→ EXERCISE: After the line containing "come amico portafortuna", copy nothing more; up to and including it, copy every line of the listing exactly from the first, leaving out the pictures.

→ INFORMATION PROVIDED:
========
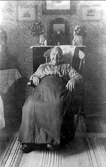 Augusta Bäckman i sitt hem "Jämmerdalen" i Forsvik omkr 1915.
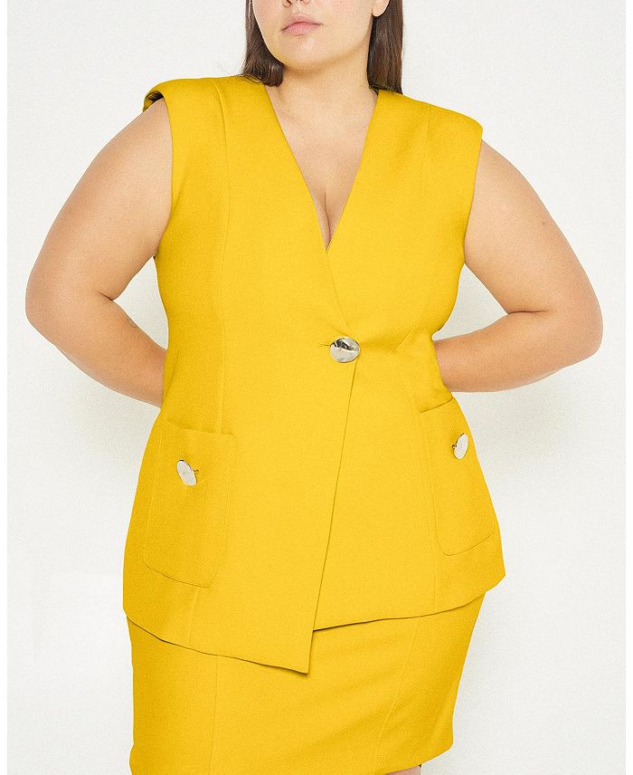 Наш жилет Merci Vest изготовлен из нашего мягкого и эластичного костюмного материала, который обеспечит вам комфорт в течение всего дня. Наш лимонно-желтый цвет подходит всем цветам кожи и поднимет вам настроение, как только вы его наденете. Наши большие серебряные дисковые пуговицы и асимметричный подол добавят еще один уровень изысканности и роскоши. Сочетайте с нашей юбкой Merci для создания полного образа. Этот стиль выглядит непринужденно. Пожалуйста, заказывайте свой обычный размер. Если ваш размер находится между ними, мы рекомендуем уменьшить размер для более приталенного образа или увеличить для дополнительного комфорта. Наша приверженность устойчивому развитию: мы не используем пластик. Упаковка AS by DF изготовлена из 100% переработанных материалов и на 100% биоразлагаема. Посадка Соответствует размеру Свободный крой Скрытый внутренний карман на молнии Асимметричный подол Большие серебряные пуговицы Сильные плечи Модель 5-8 лет, на ней размер S (США)
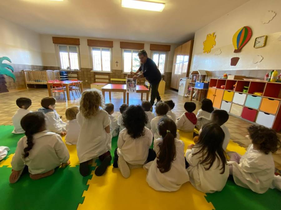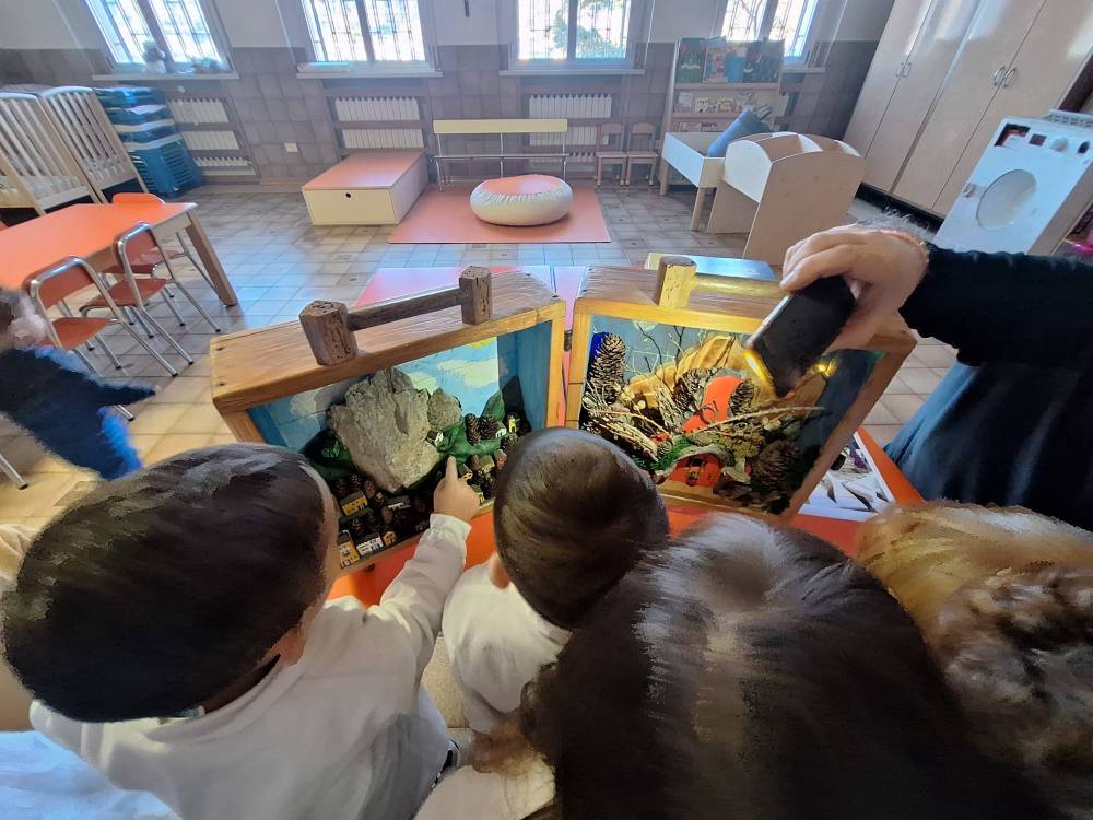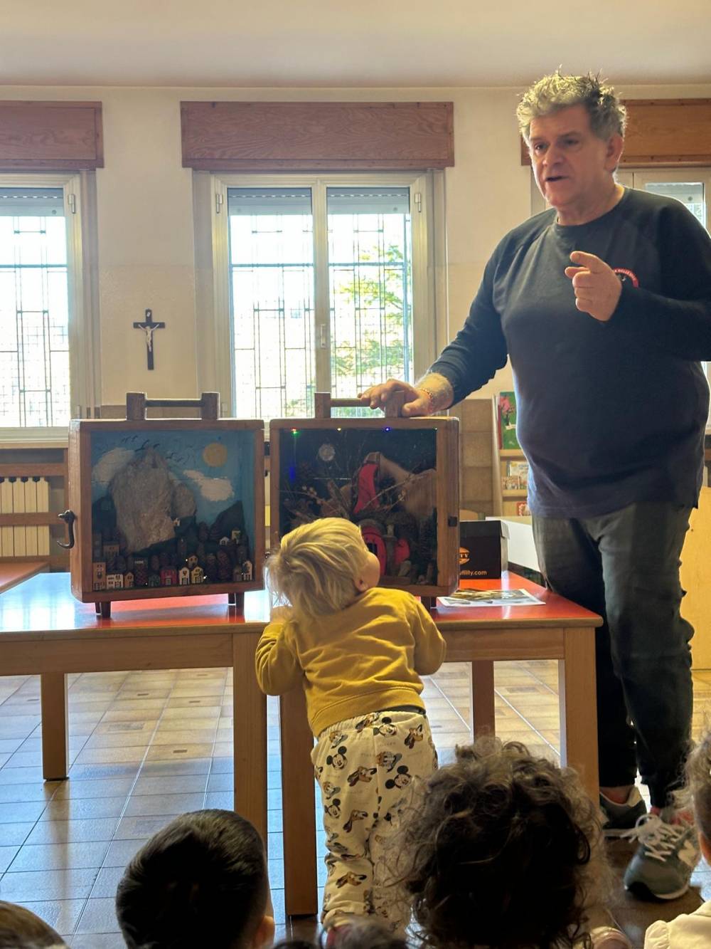 Laboratorio "Uno gnomo per amico"Lettura animata sugli gnomi con l'utilizzo della valigia dell'incanto realizzata interamente a mano dal signor Roberto.Ogni bambino colora il suo gnomo da portare a casa come amico portafortuna
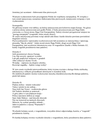 Jesteśmy juŜ uczniami - ślubowanie klas pierwszych WaŜnym wydarzeniem było przystąpienie Polski do wspólnoty europejskiej. W związku z tym został opracowany scenariusz ślubowania klas pierwszych, tematycznie związany z tym wydarzeniem. Scenografia: Na głównej ścianie wisi tablica, na której umieszczona jest kolorowa mapa Europy. Na górze z prawej strony umieszczone jest godło Polski. Z boku przymocowana jest flaga białoczerwona, a z lewej strony flaga Unii Europejskiej. NaleŜy równieŜ przygotować miejsce na "pociąg europejski" (wagoniki, które niosły dzieci). W części artystycznej powinna wziąć udział cała klasa i kaŜde dziecko powinno powiedzieć fragment wiersza. Pierwszoklasistów wprowadza wychowawczyni lub uczennica ze starszej klasy i śpiewają piosenkę "Idę do szkoły". Jeden uczeń niesie flagę Polski, drugi uczeń flagę Unii Europejskiej, inni uczniowie lokomotywę oraz 16 wagoników (kartki z bloku formatu A3, kaŜdy wagonik przedstawia inne państwo. Dziecko I: Jeśli przemierzyć chcesz Europę I na Alp szczyty, spojrzeć wysokie Lub gdy popływać zechcesz w gondoli Albo zobaczyć słynne Tivoli, Wsiadaj – zaprasza cię ekspres szkolny, RozwiąŜ zagadkę – będzie wstęp wolny! W tym czasie wychodzi pierwszoklasista, który trzyma wycięta z duŜego bloku niebieską lokomotywę z Ŝółtymi gwiazdkami ułoŜonymi w kształcie koła. Do niektórych państw moŜna wykorzystać muzykę charakterystyczną dla danego państwa, pieśń lub taniec. Dziecko II: Piękna stolica - miasto walczyka! Tańca i pieśni tu nie unikaj... Nasz król Jan Trzeci - wodzowska głowa Od Turków dzielnie je uratował... A góry jakie w tym pięknym kraju Polscy narciarze dobrze je znają! Sam Adaś Małysz - nad skoczki skoczek Nie raz trenował na tamtych zboczach. Mówcie, by zyskać gromkie oklaski Jakie to państwo z naszej "Piętnastki"? (Austria) Wychodzi kolejny uczeń, z wagonikiem, wszystkie dzieci odpowiadają Austria, a "wagonik" przedstawia Austrię. Po kaŜdej kolejnej zwrotce wychodzi dziecko z wagonikiem, który przedstawia dane państwo. Dziecko III: Państwo bogate, chociaŜ nieduŜe W Europejskiej Unii „na górze”. Jego stolica – Unii stolicą! Jakie to państwo? Bystrzy wnet chwycą... (Belgia) Dziecko IV: Tam się wykluło brzydkie kaczątko... Tam z zapałkami marzło dziewczątko – Snuł pan Andersen swych baśni wątek... I klocków „LEGO” tam był początek! Jakie to państwo – zgadniecie łatwo – A więc do dzieła, roztropna dziatwo! (Dania) Dziecko V: Jest ponoć krajem jezior tysiąca I choć nie parzy tu nadmiar słońca MoŜesz przebywać w florze przy faunie, A ciepło znajdziesz w gościnnej saunie – Lub się ogrzejesz przy reniferze... Jakie to państwo? Śmiało i szczerze... (Finlandia) Dziecko VI: Płynie Sekwana u stóp Notre Dame W Luwrze naczelnym punktem programu Jest Mony Lizy uśmiech przesławny... A nad Loarą czar zamków dawnych... I lazurowe kusi wybrzeŜe... Jakie to państwo? – śmiało i szczerze... (Francja) Dziecko VII: Pod Akropolem – stare kamienie, Amfiteatry, chóry na scenie... Gaje oliwne, Korynt, Pireus, Z wyŜyn Olimpu spogląda Zeus... Morze Egejskie z wodą wspaniałą... Jakie to państwo? Szczerze i śmiało! (Grecja) Dziecko VIII: W rytmie flamenco napięcie rośnie, A kastaniety klaszczą donośnie... Korrida wabi Ŝądnych tych wraŜeń, Innych Majorka – ten przedmiot marzeń... I Costa Brava cudne wybrzeŜe... Jakie to państwo? Śmiało i szczerze! (Hiszpania) Dziecko IX: Część tego kraju to są poldery – Wydarty morzu grunt Ŝyzny, szczery... Wiatrak tam stoi blisko wiatraka... I tulipanów obfitość taka... Co to za państwo? Odgadnąć łatwo... A więc odpowiedz – szanowna dziatwo! (Holandia) Dziecko X: Zieloną wyspą często jest zwana, Z Anglią przez wiele wieków związana Dziś protestanci i katolicy Nie lubią innych w swej okolicy... Na kobzie grają melodie Ŝwawe – Jakie to państwo? Bardzo ciekawe... (Irlandia) Dziecko XI: Małe państewko – lecz Księstwo Wielkie, Na mapie widzisz jakby kropelkę Pomiędzy Belgią, Francją, Niemcami... Jakie to państwo? Zgadnijcie sami... (Luksemburg) Dziecko XII: Po zjednoczeniu – wielka potęga, Po dobrobytu trofea sięga Tego bliskiego Polski sąsiada Wnet odgadniecie... Kto odpowiada? (Niemcy) Dziecko XIII: Kraina piękna, ciepła, szczęśliwa, Atlantyk plaŜ jej stopy obmywa... Do Sanktuarium w cichej Fatimie Co roku strumień pielgrzymów płynie... śeglarze Ŝyją tu i górale... Co to za państwo/ Nietrudne wcale... (Portugalia) Dziecko XIV: Ongiś z „potopem” do nas przybyli, Lecz Częstochowy...nie! Nie zdobyli... Dali nam królów spod znaku Wazy – Dziś nie czujemy do nich urazy... O jakie państwo z „Piętnastki” chodzi? Odpowiadajcie, geniusze młodzi... (Szwecja) Dziecko XIV: Big Ben wydzwania swoją piosenkę, ElŜbiecie Drugiej czyniąc podziękę, śe juŜ pół wieku włada wzorowo Wyspiarskim krajem. Więc ruszcie głową – I pociągnąwszy łyczek herbatki – Jakie to państwo? Powiedzcie dziatki! (Wielka Brytania) Dziecko XV: Na mapie – jakby wielkie bucisko – Jest tam Wezuwiusz, Pompei blisko... I Wieczne Miasto, które zachwyca Oraz Piotrowa święta stolica... śe mądrej głowie – to dość dwie słowie – Jakie to państwo? KtóŜ mi odpowie? (Włochy) W tym momencie, gdy został utworzony pociąg europejski, moŜna zaprosić wszystkich do wysłuchania hymnu - utwór "Oda do radości" z finału IX Symfonii Ludwiga van Beethovena ze słowami Fryderyka Schillera). Wcześniej naleŜy dzieciom zwrócić uwagę na prawidłową postawę. Po hymnie uczniowie wagoniki umieszczają z boku ściany Dziecko XVI (uczeń wchodzi z biało-czerwoną flagą na środek sceny, a cicho rozbrzmiewa np. polonez F. Chopina): Pora juŜ wracać tutaj, nad Wisłę, Gdzie Stare Miasto... Most Świętokrzyski... I gdzie od wieków nasz polski orzeł Nad kontynentem fruwał niezgor
========
→ RESPONSE:
 Augusta Bäckman i sitt hem "Jämmerdalen" i Forsvik omkr 1915.
 Наш жилет Merci Vest изготовлен из нашего мягкого и эластичного костюмного материала, который обеспечит вам комфорт в течение всего дня. Наш лимонно-желтый цвет подходит всем цветам кожи и поднимет вам настроение, как только вы его наденете. Наши большие серебряные дисковые пуговицы и асимметричный подол добавят еще один уровень изысканности и роскоши. Сочетайте с нашей юбкой Merci для создания полного образа. Этот стиль выглядит непринужденно. Пожалуйста, заказывайте свой обычный размер. Если ваш размер находится между ними, мы рекомендуем уменьшить размер для более приталенного образа или увеличить для дополнительного комфорта. Наша приверженность устойчивому развитию: мы не используем пластик. Упаковка AS by DF изготовлена из 100% переработанных материалов и на 100% биоразлагаема. Посадка Соответствует размеру Свободный крой Скрытый внутренний карман на молнии Асимметричный подол Большие серебряные пуговицы Сильные плечи Модель 5-8 лет, на ней размер S (США)
 Laboratorio "Uno gnomo per amico"Lettura animata sugli gnomi con l'utilizzo della valigia dell'incanto realizzata interamente a mano dal signor Roberto.Ogni bambino colora il suo gnomo da portare a casa come amico portafortuna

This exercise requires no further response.